*Work order*.
Below are some records. Return exactly their lines from the one containing "今晚 (3 月 2 日,本周三),Jina" through the one containing "Sabato 29 novembre, dalle", and drop the pictures.

*Dataset entries*.
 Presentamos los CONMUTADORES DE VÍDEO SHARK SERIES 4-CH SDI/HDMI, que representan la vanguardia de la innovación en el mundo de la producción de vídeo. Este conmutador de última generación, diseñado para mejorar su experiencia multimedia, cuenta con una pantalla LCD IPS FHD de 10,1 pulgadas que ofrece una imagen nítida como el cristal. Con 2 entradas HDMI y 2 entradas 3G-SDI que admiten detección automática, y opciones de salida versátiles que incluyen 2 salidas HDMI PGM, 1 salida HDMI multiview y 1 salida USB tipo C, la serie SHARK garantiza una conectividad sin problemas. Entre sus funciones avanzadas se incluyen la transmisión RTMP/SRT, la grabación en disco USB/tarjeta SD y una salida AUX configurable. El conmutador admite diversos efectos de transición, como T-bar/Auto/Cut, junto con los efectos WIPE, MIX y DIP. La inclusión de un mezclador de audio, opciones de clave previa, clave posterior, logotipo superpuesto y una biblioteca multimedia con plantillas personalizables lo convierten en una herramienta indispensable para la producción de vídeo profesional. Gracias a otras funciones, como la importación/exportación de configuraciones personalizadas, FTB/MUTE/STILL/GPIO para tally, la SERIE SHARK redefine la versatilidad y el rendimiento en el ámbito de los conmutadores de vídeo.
* * *
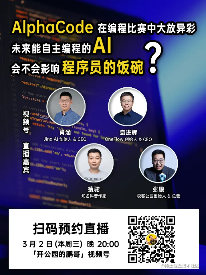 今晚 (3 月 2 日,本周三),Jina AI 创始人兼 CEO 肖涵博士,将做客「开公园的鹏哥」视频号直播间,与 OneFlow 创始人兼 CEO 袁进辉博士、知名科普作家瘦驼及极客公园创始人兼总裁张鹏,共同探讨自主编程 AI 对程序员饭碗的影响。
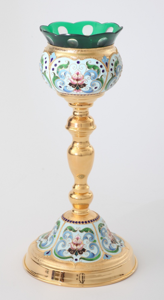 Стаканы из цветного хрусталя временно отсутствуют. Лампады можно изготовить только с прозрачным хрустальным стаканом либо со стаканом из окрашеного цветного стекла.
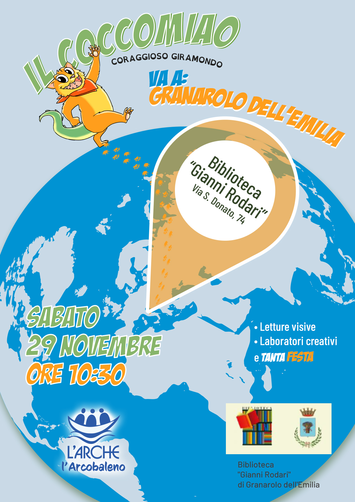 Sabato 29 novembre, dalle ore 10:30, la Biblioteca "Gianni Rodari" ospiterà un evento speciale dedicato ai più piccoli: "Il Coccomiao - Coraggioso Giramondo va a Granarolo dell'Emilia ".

*Written solution*.
 今晚 (3 月 2 日,本周三),Jina AI 创始人兼 CEO 肖涵博士,将做客「开公园的鹏哥」视频号直播间,与 OneFlow 创始人兼 CEO 袁进辉博士、知名科普作家瘦驼及极客公园创始人兼总裁张鹏,共同探讨自主编程 AI 对程序员饭碗的影响。
 Стаканы из цветного хрусталя временно отсутствуют. Лампады можно изготовить только с прозрачным хрустальным стаканом либо со стаканом из окрашеного цветного стекла.
 Sabato 29 novembre, dalle ore 10:30, la Biblioteca "Gianni Rodari" ospiterà un evento speciale dedicato ai più piccoli: "Il Coccomiao - Coraggioso Giramondo va a Granarolo dell'Emilia ".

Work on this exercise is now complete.